A strong one, for a goblin, Rashan mused.
He turned and used the hellfire spell he had taught Iridan, noticing a slight resistance from two goblin sorcerers caught in the blast, as their own shielding spells were crushed just before their bodies burned. With the failing light of dusk, the lingering flames of the dead goblins’ clothing and spear shafts stood out against the growing blackness. In the city above, hitching posts, rain barrels, and the thick woolen coats of the unarmored militia provided similar light to Raynesdark as night set in.
* * * * * * * *
Ni’Hash’Tk dove low for the shining knight, lining up for a killing blast of dragonfire, speeding low above the rooftops as she approached. Her lungs filled, and she drew aether to give her dragonfire its power. Before she loosed her deadly breath, she noticed just how fine was the armor the human knight before her wore. She saw the sword in his hand, and saw not a deadly weapon but a priceless masterwork of aether-forged steel.
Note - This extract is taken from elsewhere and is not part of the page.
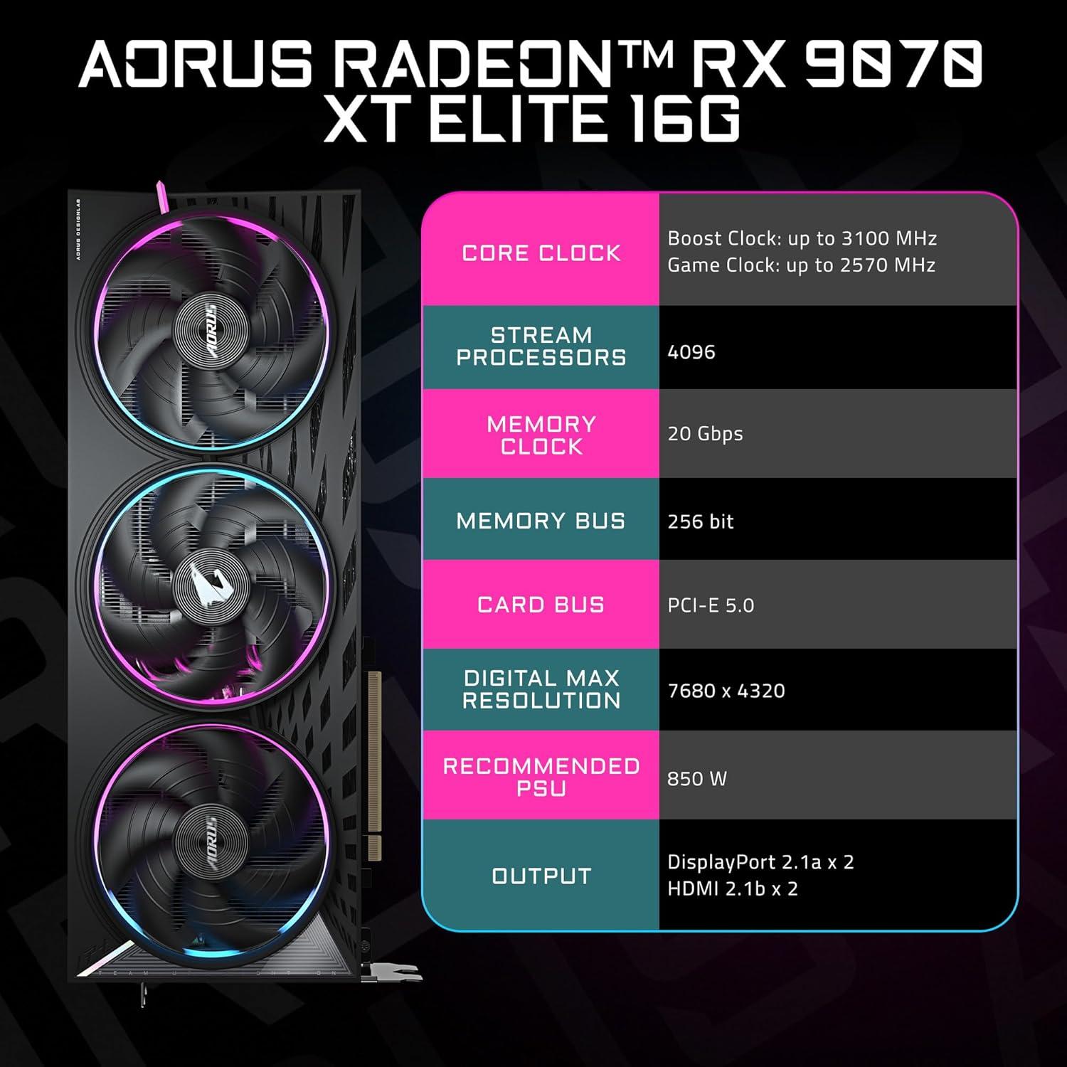 GIGABYTE AORUS Radeon RX 9070 XT Elite 16G Graphics Card, PCIe 5.0, 16GB GDDR6, GV-R9070XTAORUS E Video Card

Rather than ruin the spoils of her conquest—and aside from having the city for her son’s lair, this knight’s armor and Avalanche were the finest prizes she had seen—she belched a halfhearted gout of flame down a side street as she passed, her momentum carrying the flames in a strafing run along several buildings. The stones blackened with the heat, but without concentrated fire, the buildings did not melt or topple as had so many others under the dragon’s withering assaults. Dropping even lower, she prepared to scoop up the shining knight in a claw and kill him carefully, lest she damage the armor needlessly.